Karlsruhe Institute of Technology, Institute for Meteorology and Climate Research, Garmisch-Partenkirchen, Germany.
PLoS One. 2011 Feb 28;6(2):e17393. doi: 10.1371/journal.pone.0017393.
Globally plants are the primary sink of atmospheric CO(2), but are also the major contributor of a large spectrum of atmospheric reactive hydrocarbons such as terpenes (e.g. isoprene) and other biogenic volatile organic compounds (BVOC). The prediction of plant carbon (C) uptake and atmospheric oxidation capacity are crucial to define the trajectory and consequences of global environmental changes. To achieve this, the biosynthesis of BVOC and the dynamics of C allocation and translocation in both plants and ecosystems are important.

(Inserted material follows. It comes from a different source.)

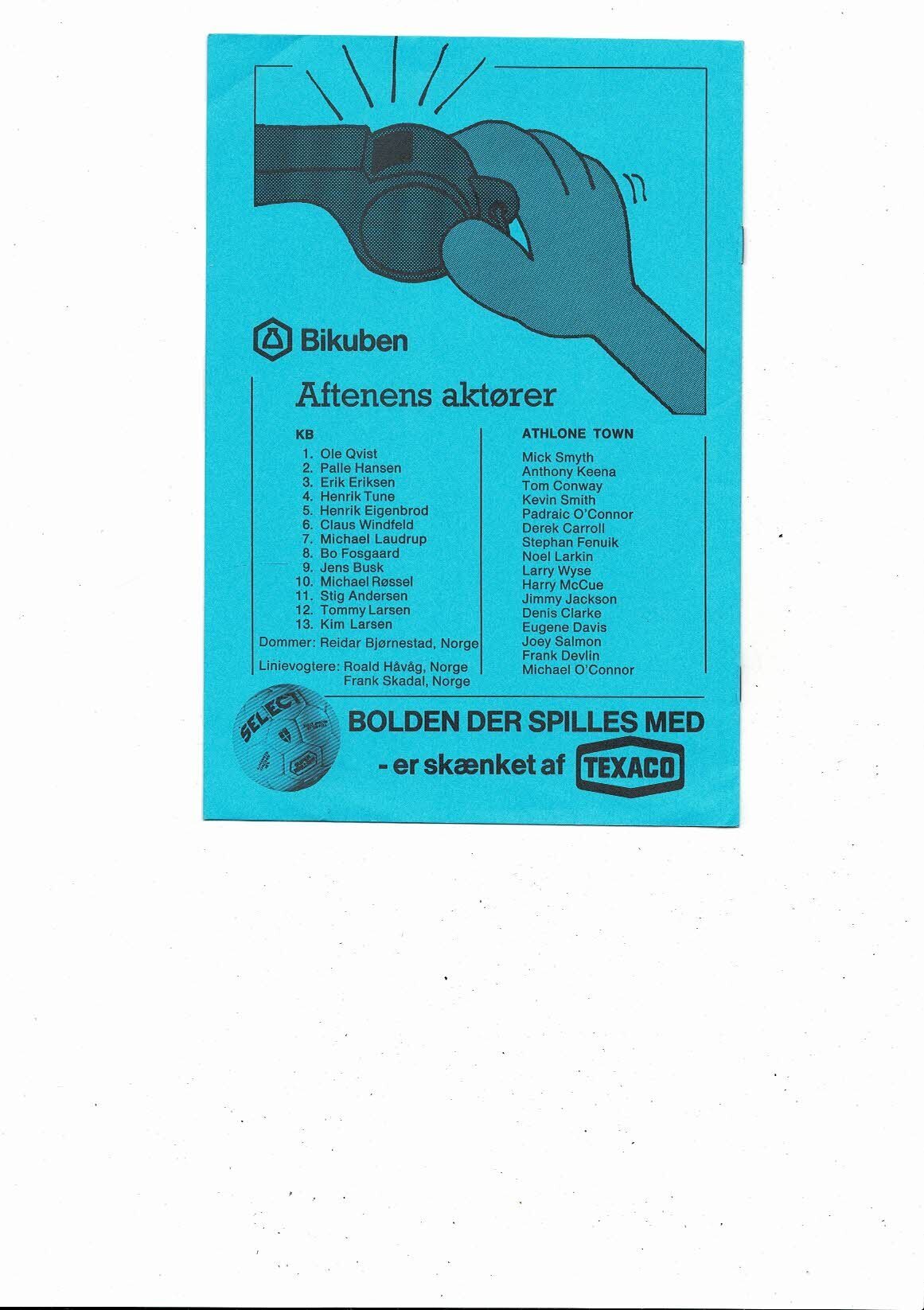 KB Kobenhavn v Athlone Town European Cup Football Programme 1981/82

We combined tunable diode laser absorption spectrometry (TDLAS) and proton transfer reaction mass spectrometry (PTR-MS) for studying isoprene biosynthesis and following C fluxes within grey poplar (Populus x canescens) saplings. This was achieved by feeding either (13)CO(2) to leaves or (13)C-glucose to shoots via xylem uptake. The translocation of (13)CO(2) from the source to other plant parts could be traced by (13)C-labeled isoprene and respiratory (13)CO(2) emission.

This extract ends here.